▸ WORK ITEM
Without copying any pictures, restate exactly the lines from the start of the records through the line containing "This Japanese craft".

Top of THE INPUT

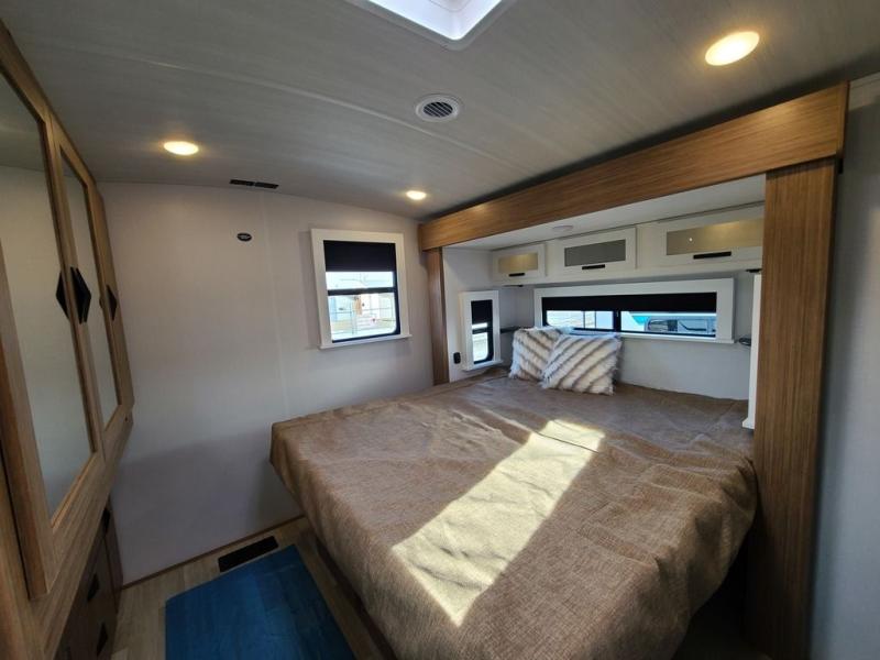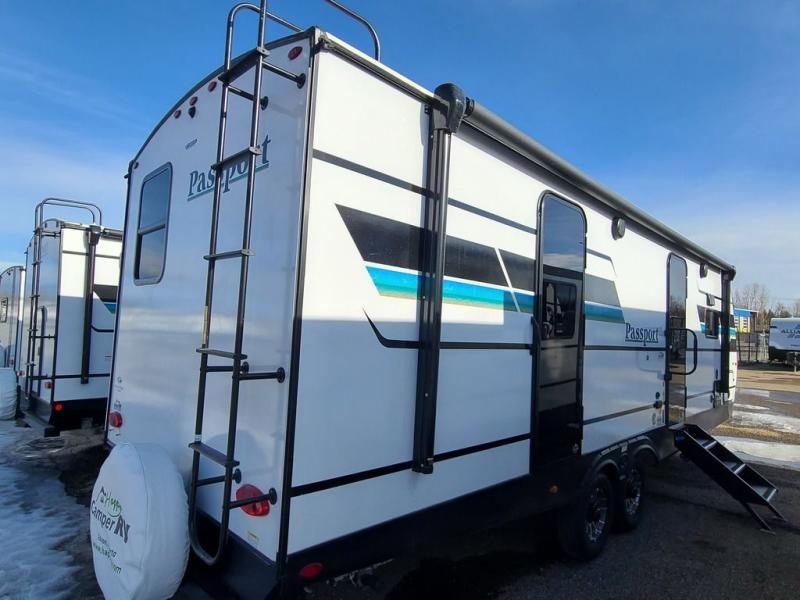 Each one of these Keystone RV Passport travel trailers offer grand style and multi-functional features! They have best-in-class storage for big things like paddle boards and small things like sleeping bags. There's no need for cordless drills and bending over to put the jacks down, simply push a button and the power stabilizer jacks do the rest. The one piece polypropylene underbelly and extended season camping package protects your units vitals in all weather conditions. Exclusive to Keystone is the Tru-fit slide construction and the Hyper Deck flooring which is more resilient, stronger and lighter than the traditional laminated wood construction, plus it resists water and water damage. Inside, you'll find residential durable Beauflor vinyl flooring, deluxe night shades, bedside outlets/USB ports, and a bath skylight for more natural light and additional head room.
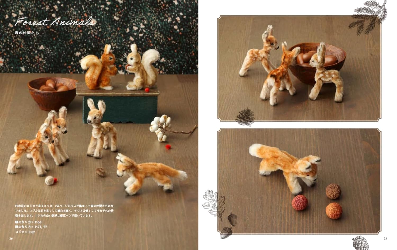 This Japanese craft book features 21 types / 72 tiny pipe cleaner animals (chenille stem animals).
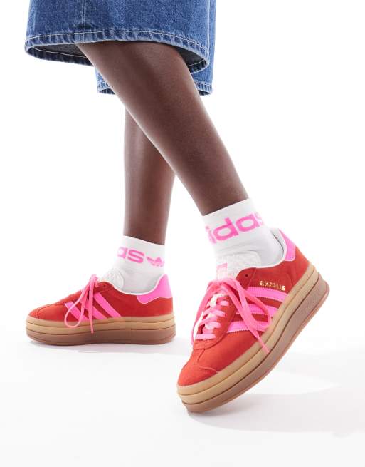 adidas Originals - Gazelle Bold - Sneakers rosse e rosa con suola platform
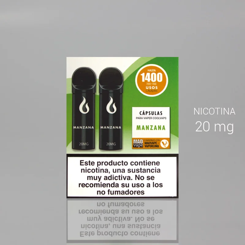 Para los consumidores más fieles, las recargas Q-POD de COOL VAPS son la solución perfecta. Las cápsulas desechables con sabor Manzana de 20 mg de nicotina están diseñadas para proporcionar la misma calidad y sabor excepcionales que nuestros productos desechables. Así, podrás disfrutar de tu aroma favorito una y otra vez con la comodidad y eficiencia de un dispositivo recargable. Cada cajita contiene 2 recargas. ¡Sumérgete en la calidad y sabor inigualables de COOL VAPS y lleva tu experiencia de vapeo al siguiente nivel! COD. ART. CIGCOO5105
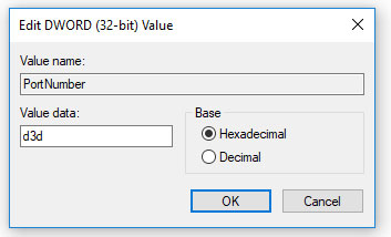 3-عدد 3389 موجود رو تغییر بدید به عدد دلخواه خودتون ، در انجا ممکن است که به جای 3389 بصورت d3d نمایش داده باشد. فقط توجه داشته باشید که با شماره پورت های دیگر تداخلی نداشته باشه ، ترجیحا Well Known Ports نباشد.
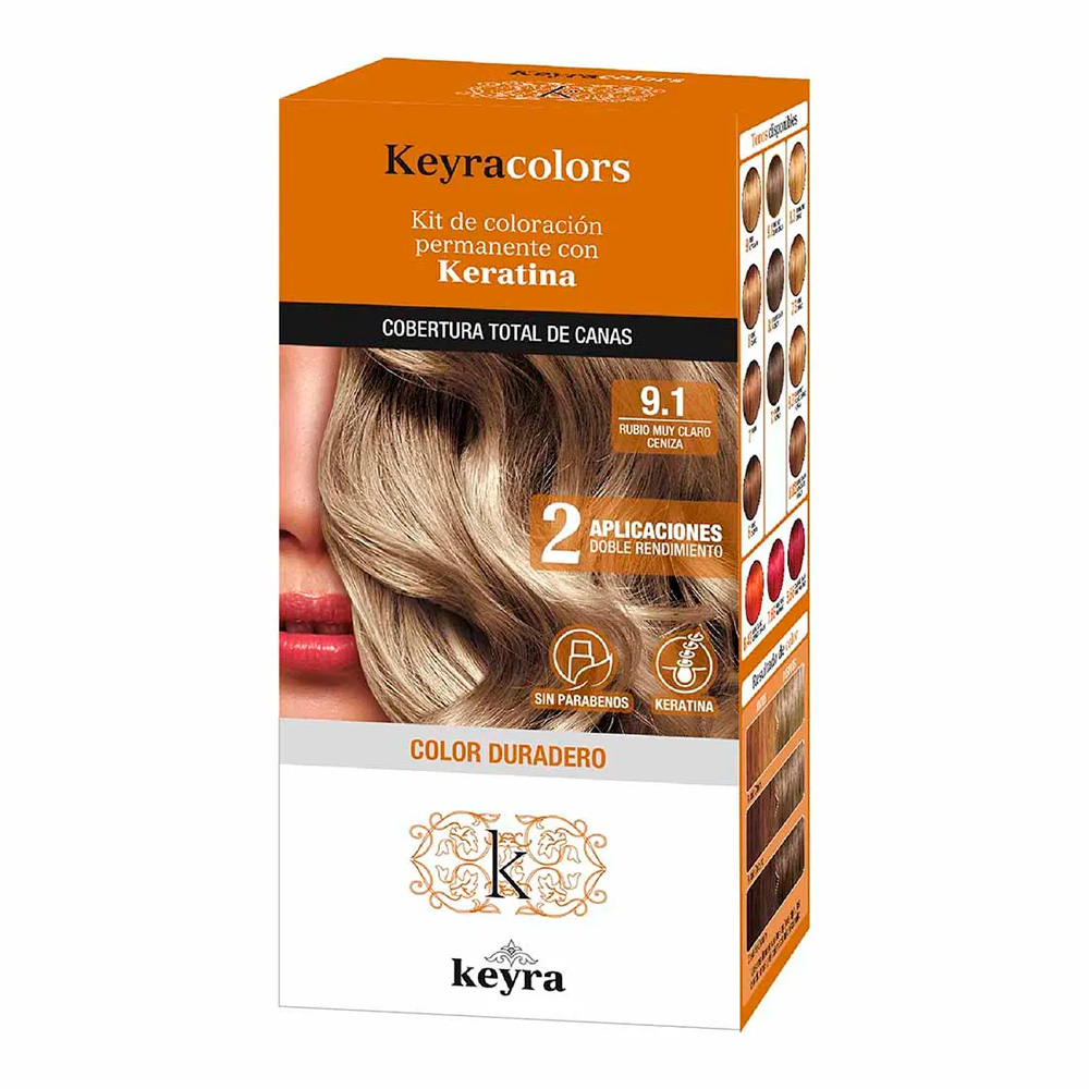 Tinte Keyra Kit 9.1 Rubio Muy Claro Ceniza
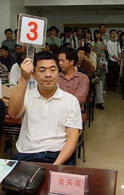 | 日前,福州市公開拍賣出讓11幅地塊。備受關(guān)注的福州個人合作建房組織也在其中,但在本次拍賣會上并沒有舉一次牌。圖為3號代表以5億3400萬拍下34.17畝土地,搶到了當(dāng)場舉牌第一名。新華社記者
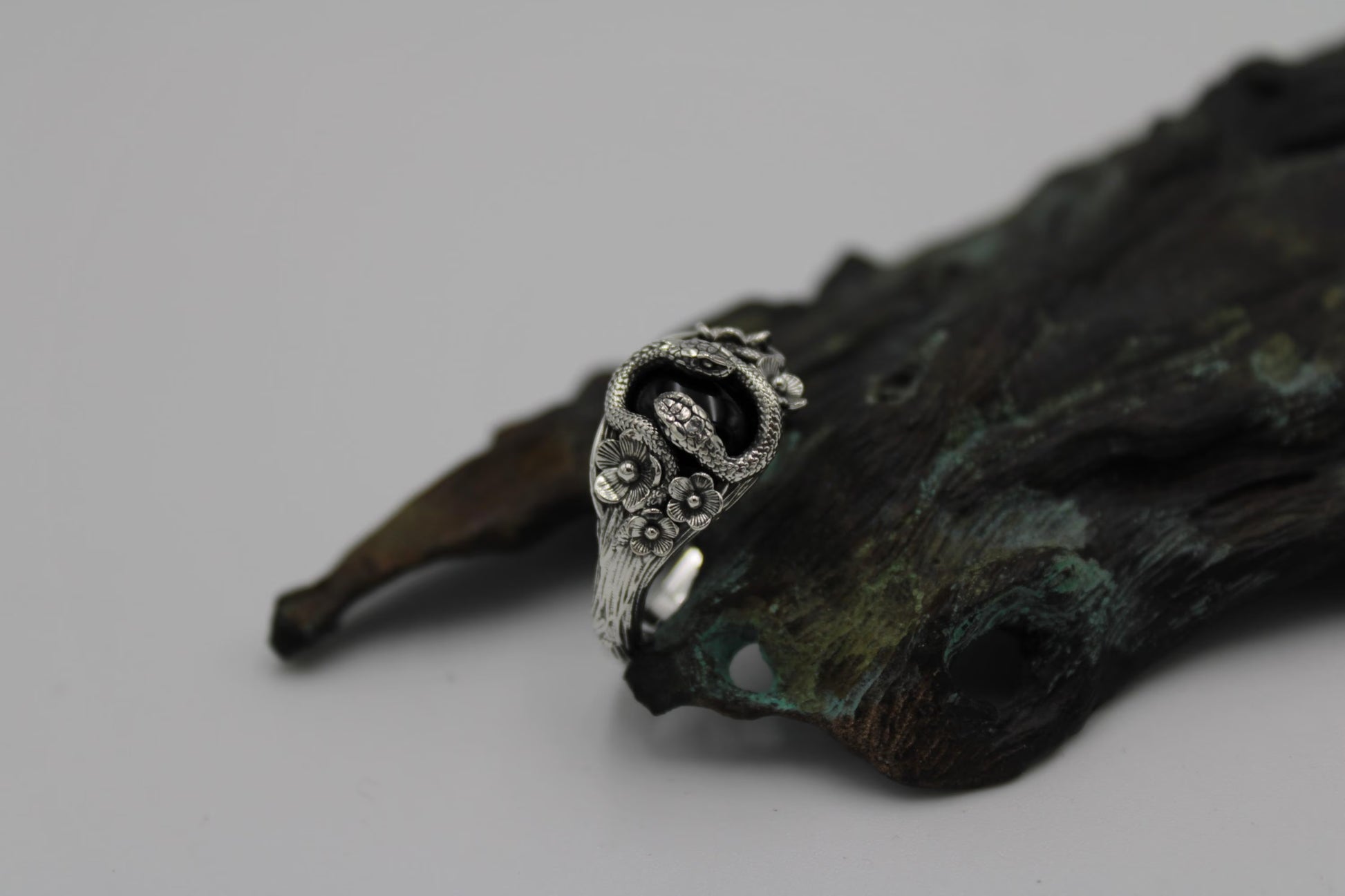 Mysterious, bold, and rooted in shadow—the Snake & Bloom Ring with black onyx captures the strength and quiet power of the dark forest. A silver serpent weaves through detailed flowers, coiled protectively around a deep, polished black onyx cabochon.

Bottom of THE INPUT

▸ OUTPUT FOR THIS TASK
 Each one of these Keystone RV Passport travel trailers offer grand style and multi-functional features! They have best-in-class storage for big things like paddle boards and small things like sleeping bags. There's no need for cordless drills and bending over to put the jacks down, simply push a button and the power stabilizer jacks do the rest. The one piece polypropylene underbelly and extended season camping package protects your units vitals in all weather conditions. Exclusive to Keystone is the Tru-fit slide construction and the Hyper Deck flooring which is more resilient, stronger and lighter than the traditional laminated wood construction, plus it resists water and water damage. Inside, you'll find residential durable Beauflor vinyl flooring, deluxe night shades, bedside outlets/USB ports, and a bath skylight for more natural light and additional head room.
 This Japanese craft book features 21 types / 72 tiny pipe cleaner animals (chenille stem animals).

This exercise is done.